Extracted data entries

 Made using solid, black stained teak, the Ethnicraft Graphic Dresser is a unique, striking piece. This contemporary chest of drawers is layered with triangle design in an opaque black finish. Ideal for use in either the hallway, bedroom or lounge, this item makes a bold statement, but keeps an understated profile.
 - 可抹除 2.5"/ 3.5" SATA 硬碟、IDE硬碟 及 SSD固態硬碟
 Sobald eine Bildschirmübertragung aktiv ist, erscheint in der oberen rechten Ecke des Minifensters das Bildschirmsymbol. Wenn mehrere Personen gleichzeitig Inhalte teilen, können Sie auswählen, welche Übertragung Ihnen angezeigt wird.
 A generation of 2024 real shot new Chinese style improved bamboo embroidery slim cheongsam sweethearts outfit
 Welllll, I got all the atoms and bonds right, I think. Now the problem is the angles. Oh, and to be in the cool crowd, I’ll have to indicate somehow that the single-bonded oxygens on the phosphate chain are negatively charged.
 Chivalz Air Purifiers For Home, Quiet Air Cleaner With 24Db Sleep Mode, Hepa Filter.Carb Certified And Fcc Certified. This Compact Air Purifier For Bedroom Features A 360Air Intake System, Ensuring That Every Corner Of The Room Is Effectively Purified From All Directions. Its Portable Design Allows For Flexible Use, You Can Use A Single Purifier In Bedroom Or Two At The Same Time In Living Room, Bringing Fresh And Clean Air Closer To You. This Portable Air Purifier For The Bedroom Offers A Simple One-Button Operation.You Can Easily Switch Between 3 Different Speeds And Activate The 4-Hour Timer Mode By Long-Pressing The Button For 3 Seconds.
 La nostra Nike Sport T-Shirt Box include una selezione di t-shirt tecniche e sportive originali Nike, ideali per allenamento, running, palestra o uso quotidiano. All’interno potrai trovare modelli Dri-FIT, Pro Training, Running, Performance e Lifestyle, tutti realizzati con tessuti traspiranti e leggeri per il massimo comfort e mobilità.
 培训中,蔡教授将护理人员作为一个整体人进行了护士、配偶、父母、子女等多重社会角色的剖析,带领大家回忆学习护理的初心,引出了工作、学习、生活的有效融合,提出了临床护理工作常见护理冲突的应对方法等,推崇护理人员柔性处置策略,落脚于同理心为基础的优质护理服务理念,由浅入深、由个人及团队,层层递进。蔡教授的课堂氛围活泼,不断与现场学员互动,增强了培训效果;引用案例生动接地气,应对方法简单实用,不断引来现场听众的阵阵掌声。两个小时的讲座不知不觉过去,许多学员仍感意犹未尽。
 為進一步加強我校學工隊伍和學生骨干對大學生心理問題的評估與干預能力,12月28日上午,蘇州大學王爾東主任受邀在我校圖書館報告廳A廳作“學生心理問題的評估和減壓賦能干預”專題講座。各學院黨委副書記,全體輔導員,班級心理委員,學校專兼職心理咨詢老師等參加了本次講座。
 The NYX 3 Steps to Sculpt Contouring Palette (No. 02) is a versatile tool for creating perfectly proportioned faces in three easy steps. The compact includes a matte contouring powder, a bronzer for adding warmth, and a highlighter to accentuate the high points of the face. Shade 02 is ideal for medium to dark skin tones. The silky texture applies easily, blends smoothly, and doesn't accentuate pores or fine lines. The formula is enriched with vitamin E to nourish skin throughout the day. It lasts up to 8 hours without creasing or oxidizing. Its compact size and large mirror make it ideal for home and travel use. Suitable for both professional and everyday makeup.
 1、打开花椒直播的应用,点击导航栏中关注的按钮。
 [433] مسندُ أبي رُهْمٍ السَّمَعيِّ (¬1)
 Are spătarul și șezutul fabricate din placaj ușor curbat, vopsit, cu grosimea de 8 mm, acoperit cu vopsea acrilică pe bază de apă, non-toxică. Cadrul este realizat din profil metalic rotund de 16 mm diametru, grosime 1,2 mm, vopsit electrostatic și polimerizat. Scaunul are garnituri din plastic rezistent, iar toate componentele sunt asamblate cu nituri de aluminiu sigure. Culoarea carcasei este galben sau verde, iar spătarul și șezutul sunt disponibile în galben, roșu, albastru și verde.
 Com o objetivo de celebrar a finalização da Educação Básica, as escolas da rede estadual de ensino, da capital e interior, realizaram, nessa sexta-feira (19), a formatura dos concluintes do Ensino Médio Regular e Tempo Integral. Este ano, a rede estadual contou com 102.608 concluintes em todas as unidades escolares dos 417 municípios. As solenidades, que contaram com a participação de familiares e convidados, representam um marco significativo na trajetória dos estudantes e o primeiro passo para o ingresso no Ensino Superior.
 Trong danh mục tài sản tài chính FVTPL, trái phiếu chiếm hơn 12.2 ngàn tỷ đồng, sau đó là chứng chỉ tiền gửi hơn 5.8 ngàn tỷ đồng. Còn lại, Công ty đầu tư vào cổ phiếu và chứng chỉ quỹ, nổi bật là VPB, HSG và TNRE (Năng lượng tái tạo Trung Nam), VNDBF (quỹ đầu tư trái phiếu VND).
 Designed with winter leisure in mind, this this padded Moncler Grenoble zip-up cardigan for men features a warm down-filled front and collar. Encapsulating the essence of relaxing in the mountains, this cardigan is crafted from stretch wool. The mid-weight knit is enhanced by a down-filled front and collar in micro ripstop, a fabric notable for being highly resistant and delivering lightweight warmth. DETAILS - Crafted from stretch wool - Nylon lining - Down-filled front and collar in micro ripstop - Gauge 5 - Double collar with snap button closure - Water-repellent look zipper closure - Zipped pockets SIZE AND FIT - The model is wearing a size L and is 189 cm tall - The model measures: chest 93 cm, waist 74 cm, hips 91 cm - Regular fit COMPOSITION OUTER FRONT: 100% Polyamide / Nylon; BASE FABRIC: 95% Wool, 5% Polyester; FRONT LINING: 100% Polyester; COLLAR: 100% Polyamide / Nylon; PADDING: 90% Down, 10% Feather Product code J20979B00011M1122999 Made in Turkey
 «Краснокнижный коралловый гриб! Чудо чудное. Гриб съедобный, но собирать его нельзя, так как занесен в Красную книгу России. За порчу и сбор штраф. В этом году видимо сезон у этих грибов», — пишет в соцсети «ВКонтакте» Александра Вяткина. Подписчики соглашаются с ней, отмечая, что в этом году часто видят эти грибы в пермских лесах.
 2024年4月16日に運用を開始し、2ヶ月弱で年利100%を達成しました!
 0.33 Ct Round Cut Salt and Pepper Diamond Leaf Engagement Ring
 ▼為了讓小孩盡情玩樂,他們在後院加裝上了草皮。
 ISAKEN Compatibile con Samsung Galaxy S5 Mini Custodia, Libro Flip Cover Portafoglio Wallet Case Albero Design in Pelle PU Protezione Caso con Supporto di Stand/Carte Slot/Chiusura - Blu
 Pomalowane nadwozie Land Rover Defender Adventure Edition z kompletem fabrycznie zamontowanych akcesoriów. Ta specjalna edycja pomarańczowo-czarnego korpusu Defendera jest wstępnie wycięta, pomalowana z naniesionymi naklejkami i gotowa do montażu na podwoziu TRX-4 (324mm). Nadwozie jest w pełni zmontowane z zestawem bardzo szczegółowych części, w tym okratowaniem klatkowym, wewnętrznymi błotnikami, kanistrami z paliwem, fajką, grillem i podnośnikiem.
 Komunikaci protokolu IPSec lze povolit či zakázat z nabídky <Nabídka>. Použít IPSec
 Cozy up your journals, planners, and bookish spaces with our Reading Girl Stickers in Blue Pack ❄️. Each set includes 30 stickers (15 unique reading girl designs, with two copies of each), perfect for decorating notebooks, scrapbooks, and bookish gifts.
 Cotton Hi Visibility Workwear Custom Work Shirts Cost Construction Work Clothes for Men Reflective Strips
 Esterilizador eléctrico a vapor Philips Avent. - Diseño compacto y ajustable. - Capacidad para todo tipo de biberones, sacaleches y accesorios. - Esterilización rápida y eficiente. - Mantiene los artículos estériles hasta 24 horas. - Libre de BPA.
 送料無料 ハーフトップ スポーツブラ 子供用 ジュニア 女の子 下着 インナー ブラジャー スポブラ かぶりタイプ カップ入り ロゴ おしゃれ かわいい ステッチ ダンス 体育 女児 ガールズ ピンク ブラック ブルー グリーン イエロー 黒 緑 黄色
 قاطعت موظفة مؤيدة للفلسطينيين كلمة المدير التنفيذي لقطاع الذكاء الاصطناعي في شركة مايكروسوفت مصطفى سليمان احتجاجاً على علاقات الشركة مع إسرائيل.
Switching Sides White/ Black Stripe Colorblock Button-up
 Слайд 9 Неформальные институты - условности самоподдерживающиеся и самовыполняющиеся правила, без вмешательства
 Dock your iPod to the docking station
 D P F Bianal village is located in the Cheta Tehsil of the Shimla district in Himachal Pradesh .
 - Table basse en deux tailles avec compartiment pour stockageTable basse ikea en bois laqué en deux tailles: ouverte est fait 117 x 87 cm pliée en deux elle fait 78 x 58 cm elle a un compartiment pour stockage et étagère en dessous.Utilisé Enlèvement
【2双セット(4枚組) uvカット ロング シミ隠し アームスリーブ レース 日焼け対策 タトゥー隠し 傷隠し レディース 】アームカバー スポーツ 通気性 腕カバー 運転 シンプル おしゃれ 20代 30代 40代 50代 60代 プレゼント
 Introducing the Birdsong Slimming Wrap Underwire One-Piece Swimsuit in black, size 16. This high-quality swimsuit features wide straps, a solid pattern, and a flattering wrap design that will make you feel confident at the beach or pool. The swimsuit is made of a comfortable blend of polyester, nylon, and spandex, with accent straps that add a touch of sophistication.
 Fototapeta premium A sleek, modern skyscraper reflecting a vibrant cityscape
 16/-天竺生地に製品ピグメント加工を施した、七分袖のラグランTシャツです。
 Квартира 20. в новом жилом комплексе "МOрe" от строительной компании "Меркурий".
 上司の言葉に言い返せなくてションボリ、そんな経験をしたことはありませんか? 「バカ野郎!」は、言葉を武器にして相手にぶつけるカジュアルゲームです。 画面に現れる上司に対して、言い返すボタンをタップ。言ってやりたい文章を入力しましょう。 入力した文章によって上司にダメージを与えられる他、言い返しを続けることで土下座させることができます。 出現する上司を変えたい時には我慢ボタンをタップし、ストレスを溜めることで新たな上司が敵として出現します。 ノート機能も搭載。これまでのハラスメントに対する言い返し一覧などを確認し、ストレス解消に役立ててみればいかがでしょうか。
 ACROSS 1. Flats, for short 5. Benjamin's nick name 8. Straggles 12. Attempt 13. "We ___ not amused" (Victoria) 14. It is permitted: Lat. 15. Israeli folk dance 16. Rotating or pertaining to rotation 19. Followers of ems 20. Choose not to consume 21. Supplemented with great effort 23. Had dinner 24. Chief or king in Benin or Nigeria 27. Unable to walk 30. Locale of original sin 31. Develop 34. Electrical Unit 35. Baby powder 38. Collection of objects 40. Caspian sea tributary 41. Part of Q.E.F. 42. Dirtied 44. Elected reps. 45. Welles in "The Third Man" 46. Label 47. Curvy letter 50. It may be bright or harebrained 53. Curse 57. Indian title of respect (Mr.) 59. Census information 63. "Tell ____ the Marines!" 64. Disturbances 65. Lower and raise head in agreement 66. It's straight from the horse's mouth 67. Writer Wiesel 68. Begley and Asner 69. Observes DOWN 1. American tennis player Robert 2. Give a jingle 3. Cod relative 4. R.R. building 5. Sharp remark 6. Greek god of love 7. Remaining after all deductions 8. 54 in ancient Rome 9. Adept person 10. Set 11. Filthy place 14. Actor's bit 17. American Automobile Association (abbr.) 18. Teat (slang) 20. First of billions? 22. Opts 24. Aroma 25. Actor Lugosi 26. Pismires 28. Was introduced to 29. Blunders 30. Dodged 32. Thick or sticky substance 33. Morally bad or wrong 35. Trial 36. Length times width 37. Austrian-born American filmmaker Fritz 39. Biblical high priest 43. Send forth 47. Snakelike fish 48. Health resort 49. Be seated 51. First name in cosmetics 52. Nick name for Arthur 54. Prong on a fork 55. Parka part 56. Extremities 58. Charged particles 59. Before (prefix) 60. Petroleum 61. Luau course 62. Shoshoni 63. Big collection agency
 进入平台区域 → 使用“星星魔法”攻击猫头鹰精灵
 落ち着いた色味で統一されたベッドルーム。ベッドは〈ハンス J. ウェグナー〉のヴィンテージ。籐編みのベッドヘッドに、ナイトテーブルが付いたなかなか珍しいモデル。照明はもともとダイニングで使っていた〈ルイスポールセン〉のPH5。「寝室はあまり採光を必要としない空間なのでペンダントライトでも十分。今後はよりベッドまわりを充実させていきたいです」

● Task objective: From the line holding "Com o objetivo" to the line holding "Designed with winter", inclusive, restate each line above exactly as written.

● Answer section:
 Com o objetivo de celebrar a finalização da Educação Básica, as escolas da rede estadual de ensino, da capital e interior, realizaram, nessa sexta-feira (19), a formatura dos concluintes do Ensino Médio Regular e Tempo Integral. Este ano, a rede estadual contou com 102.608 concluintes em todas as unidades escolares dos 417 municípios. As solenidades, que contaram com a participação de familiares e convidados, representam um marco significativo na trajetória dos estudantes e o primeiro passo para o ingresso no Ensino Superior.
 Trong danh mục tài sản tài chính FVTPL, trái phiếu chiếm hơn 12.2 ngàn tỷ đồng, sau đó là chứng chỉ tiền gửi hơn 5.8 ngàn tỷ đồng. Còn lại, Công ty đầu tư vào cổ phiếu và chứng chỉ quỹ, nổi bật là VPB, HSG và TNRE (Năng lượng tái tạo Trung Nam), VNDBF (quỹ đầu tư trái phiếu VND).
 Designed with winter leisure in mind, this this padded Moncler Grenoble zip-up cardigan for men features a warm down-filled front and collar. Encapsulating the essence of relaxing in the mountains, this cardigan is crafted from stretch wool. The mid-weight knit is enhanced by a down-filled front and collar in micro ripstop, a fabric notable for being highly resistant and delivering lightweight warmth. DETAILS - Crafted from stretch wool - Nylon lining - Down-filled front and collar in micro ripstop - Gauge 5 - Double collar with snap button closure - Water-repellent look zipper closure - Zipped pockets SIZE AND FIT - The model is wearing a size L and is 189 cm tall - The model measures: chest 93 cm, waist 74 cm, hips 91 cm - Regular fit COMPOSITION OUTER FRONT: 100% Polyamide / Nylon; BASE FABRIC: 95% Wool, 5% Polyester; FRONT LINING: 100% Polyester; COLLAR: 100% Polyamide / Nylon; PADDING: 90% Down, 10% Feather Product code J20979B00011M1122999 Made in Turkey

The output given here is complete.